Visi kepeloporan itu berakar pada keimanan pada yang gaib. Keimanan yang bebas dari khurafat dan khayal maupun keingkaran yang jatuh pada materialisme kehidupan. Mengakui keagungan Allah pencipta alam, semakin menambah kekuatan dan ketegaran serta menghilangkan kerendahan dan kelemahan diri.
Banyak orang merasa bebas ketika dapat memperturutkan nafsu, dan memenuhi kebutuhan material mereka. Mereka merasa bebas dengan bebas dari ikatan nilai-nilai. Sebenarnya hal ini bukan merupakan kebebasan, tetapi kekosongan dari nilai kemanusian dan alih-alih mengikatkan diri pada kecenderungan hewani dalam diri kita.
Banyak juga orang mengatakan bahwa ide atau prinsip sudah cukup dengan sendirinya, tidak perlu lagi pada orang yang memperjuangkannya. Bagi Sayyid Qutb sebaliknyalah yang tepat. Apa artinya sebuah prinsip, ideologi tanpa keyakinan hangat yang menggerakkan ? Dimana menemukan keyakinan yang mendorong itu, kecuali dalam hati manusia. Prinsip, ide akan menjadi kata-kata kosong, atau makna yang mati kecuali menemukan hati yang meyakini dan menghidupkannya. Orang tidak akan percaya pada prinsip atau fikrah yang muncul dari otak yang dingin maupun hati yang tidak bercahaya. Kaidahnya adalah kamu yakin dengan fikrahmu, dengan keyakinan yang membakar, saat itulah orang lain akan yakin dengan fikrah itu. Tidak ada kehidupan bagi fikrah, kecuali ia harus menjelma sebagai pribadi, manusia yang berjalan di muka bumi.
Kadang orang bertanya, apakah tujuan dapat menghalalkan segala cara ? Dalam kalkulasi rohaniah, sulit membayangkan tujuan mulia dicapai melalui sarana hina. Tujuan mulia, hidup dalam hati yang mulia; bagaiman cara hina dapat digunakan ? Cara hina, buruk ibarat kotoran yang akan menggantungi rohani kita.
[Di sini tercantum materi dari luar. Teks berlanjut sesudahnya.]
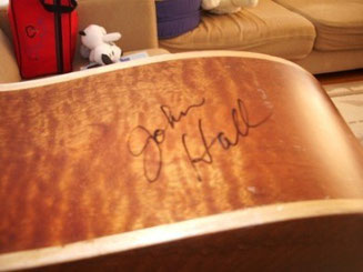 Jhon Hall が日本公演を行う時に、楽器の届くのが遅れたため、前の所有者がこのギターを貸し出し、公演後、サインを書いてもらわれたとのことです。
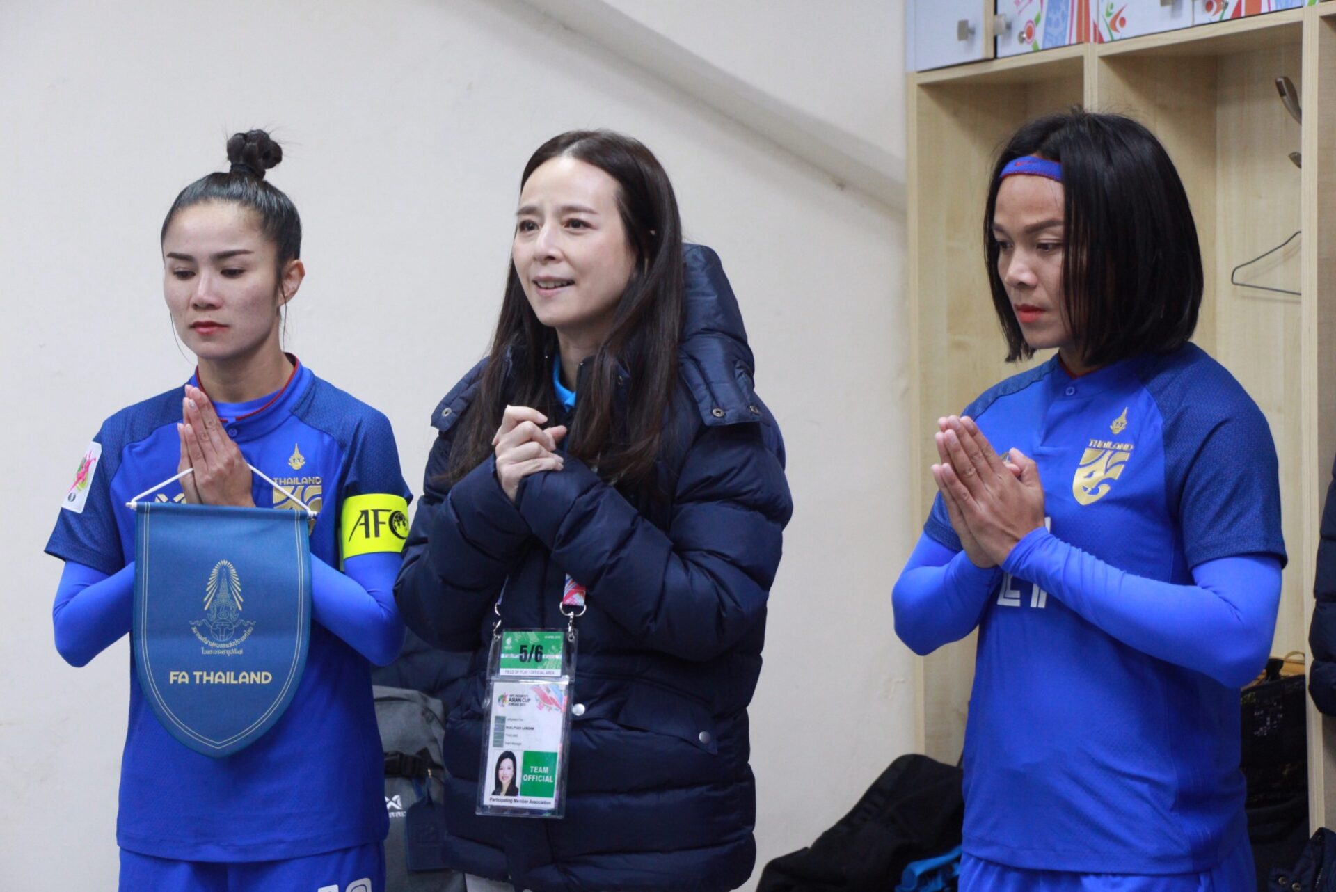 ด้านมาดามแป้ง นวลพรรณ ล่ำซำ ผู้จัดการ ฟุตบอลหญิงทีมชาติไทย ก็ได้ให้สัมภาษณ์ก่อนเกมสำคัญคืนนี้ ว่า “ต้องยอมรับว่า ตลอด 10 ปีที่เป็นผู้จัดการทีมมา วันนี้เป็นวันที่เครียดและกดดันที่สุด เนื่องจากเราต้องเอาชนะให้ได้ เพื่อไปฟุตบอลโลก เมื่อคืนได้คุยกับนักกีฬาว่า เราประมาทเกมนี้ไม่ได้ ซึ่งทุกคนให้สัญญาว่าจะเต็มที่ที่สุด เพราะเกมนี้คือเกมตัดสินพวกเรา เราไม่อยากแม้แต่เสมอ เราต้องการสามแต้มให้ได้ แม้จะยากเพราะเค้าเปลี่ยนผู้เล่นหน้าใหม่ แต่เราก็ศึกษามาดี หากเราไปบอลโลกได้ มันก็เป็นชื่อเสียงของประเทศ และที่สุดของชีวิตนักกีฬาและแป้งเอง”
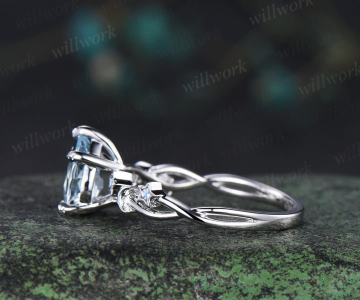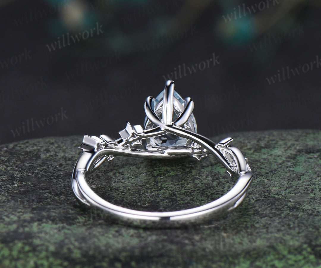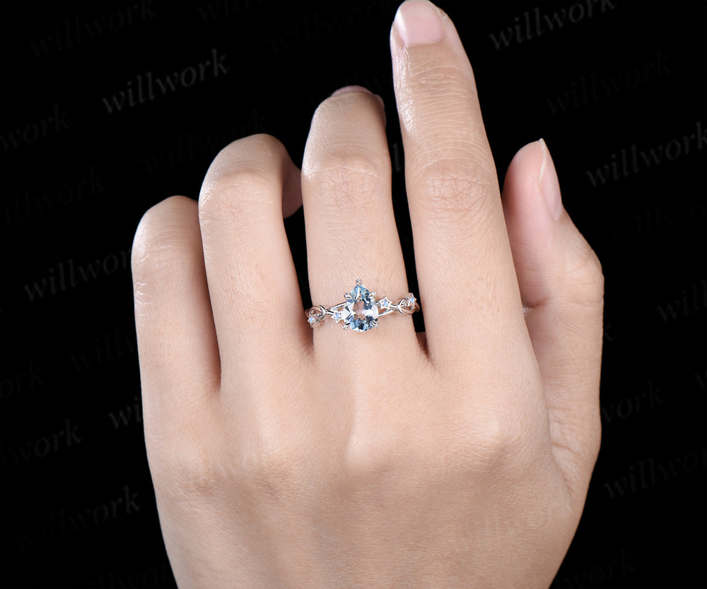 Unique pear aquamarine engagement ring moon & star infinity moonstone ring with leaf prongs celestial white gold bridal jewelry
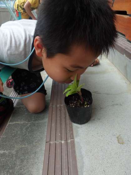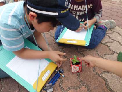 3年生は五感を使って観察をしています。目で見るだけでなく,においも観察しようとする3年生。

Dalam kalkulasi rohaniah, sarana adalah bagian dari tujuan.
Prinsip Memberi
Hidup bagi fikrah, bagi orang lain berarti hidup yang selalu memberi. Kepuasan rohani dicapai dalam memberi. Memberi kegembiraan, kepercayaan, harapan, hiburan bagi orang lain. Kepuasan rohani ini cukup bagi kita, terlepas dari apresiasi atau penghargaan orang lain atas kita.
Mengambil dan memberi tampak seperti kontras. Dalam perspektif rohani bagi Sayyid Qutb, sebenarnya ia merupakan aspek yang sama. Setiap kali kita memberi, setiap kali pula kita mengambil. Maksudnya, setiap kali memberi selalu kita telah mengambil imbalan (kepuasan dan kegembiraan rohaniah).
Sayyid Qutb mengungkapkan, “Aku sudah tidak lagi takut pada kematian, meskipun ia datang mendadak. Aku sudah banyak mengambil dari kehidupan ini, (karena, yakni) aku sudah ‘memberi’.”